AUD Exchange Rates Tumble as Australia’s Headline Inflation Proves Limp
A disappointing Australian inflation reading left investors struggling to find reasons to invest in the ‘Aussie’ Dollar this morning, with the release further diminishing the possibility that the Reserve Bank of Australia (RBA) will move for a rate hike next year.
Consumer prices in Australia jumped 1.8% on the year in the third quarter, down from the previous period’s 1.9% and below the market forecast of 2.0%.
This was the lowest rate of inflation Australia has demonstrated since the December quarter of 2016, with markets citing the drop in the prices of food as the predominant reason for the fall.
House prices and transport, however, continued to increase.
On a quarterly basis, consumer prices inched up by 0.6%, faster than the 0.2% gain in Q2 but still below the market forecast of a 0.8% rise.
Today’s inflation print is also notable in that there’s very little on the horizon that could perceivably nudge the figure back into the bank’s target range of 2-3%.
Chief Economist at AMP Capital Shane Oliver shared this sentiment, stating:
‘There is no imminent RBA interest rate hike here’.
Justin Smirk, an Economist at Westpac stated:
‘Broadly speaking the Australian economy appears to be locked in a low inflation environment. At this stage we struggle to find any broad cyclical upswing in prices’.
This outlook has severely limited demand for the Australian Dollar, allowing its US counterpart to take the lead.
USD Exchange Rates Bolstered by Robust US Durable Goods Orders
The ‘Greenback’ remains on good form today following news that the number of durable goods orders in the US increased by more than forecast in September.
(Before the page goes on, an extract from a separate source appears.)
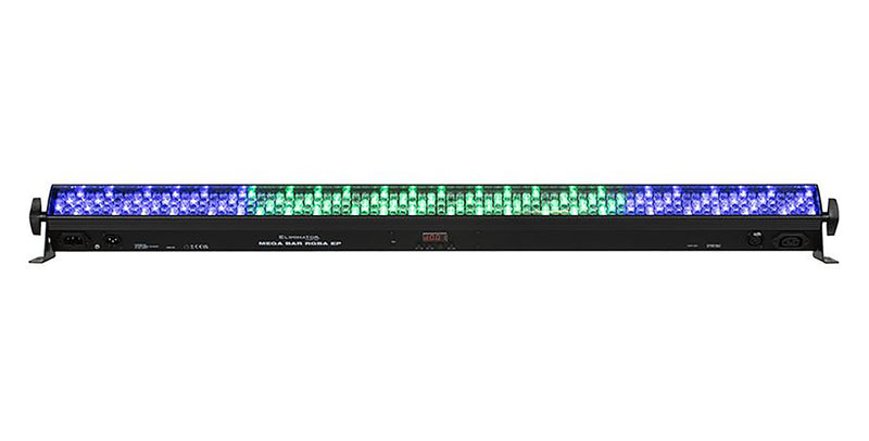 The Eliminator Mega Bar RGBA EP is a compact, 42” linear bar fixture that offers the flexibility of RGBA (red, green, blue, and amber) color mixing for your club, bar, or mobile DJ setup. The fixture has a total of 320 LEDs, with 64 red, 96 green, 96 blue, and 64 amber diodes. The fixture can be used in stand alone mode or connected in a primary/secondary configuration.

Durable goods orders (the value of orders placed for long lasting goods) increased by 2.2%, significantly above August’s 1.0% increase and indeed the forecast of 2.0%.
This rise resulted from a concentrated increase in the order of military hardware, commercial aircraft and electronics, ultimately pointing to a resurgence in American manufacturing in 2017 that has been aided by robust demand at home.
Beyond this, recent statements from Fed Chairman Janet Yellen that the economic damage of Harvey and Irma would be temporary seem to have been quantified, leaving markets increasingly invested in the prospect that the Fed might move for a third and final rate in in 2017.
In other news, yesterday’s IHS Markit flash estimate for US service ‘business activity’ climbed from 55.3 in September to 55.9 in October – above the market forecast of 55.6 and marking the second-fastest rate of expansion seen since November 2015.
The manufacturing flash estimate also demonstrated a rise from 53.1 to 54.5 – a nine-month high, whilst the composite reading jumped from 54.8 to 55.7, above the forecast of 54.3.
AUD USD Outlook Gloomy as Fed Deemed More Hawkish Option than the RBA
The outlook for the AUD USD exchange rate has grown increasingly gloomy today, with Australia’s disappointing inflation print expected to leave the RBA dovish.
The Federal Reserve, on the other hand, has repeatedly suggested that it could move for another rate hike in 2017 (as initially planned), though this ultimately remains dependent on the performance of US inflation readings between then and now.
Markets will be watching tomorrow’s run of US data releases, with the advance goods trade balance figures for September liable to cause some movement. This release is currently forecast to drop from -$63.3b to -$64b; a widening deficit that could put the ‘Greenback’ under pressure.
This pressure is unlikely to be enough to reverse the US Dollar’s lead in the AUD USD pairing, however, with demand for the ‘Aussie’ Dollar likely to continue to diminish in the near-term.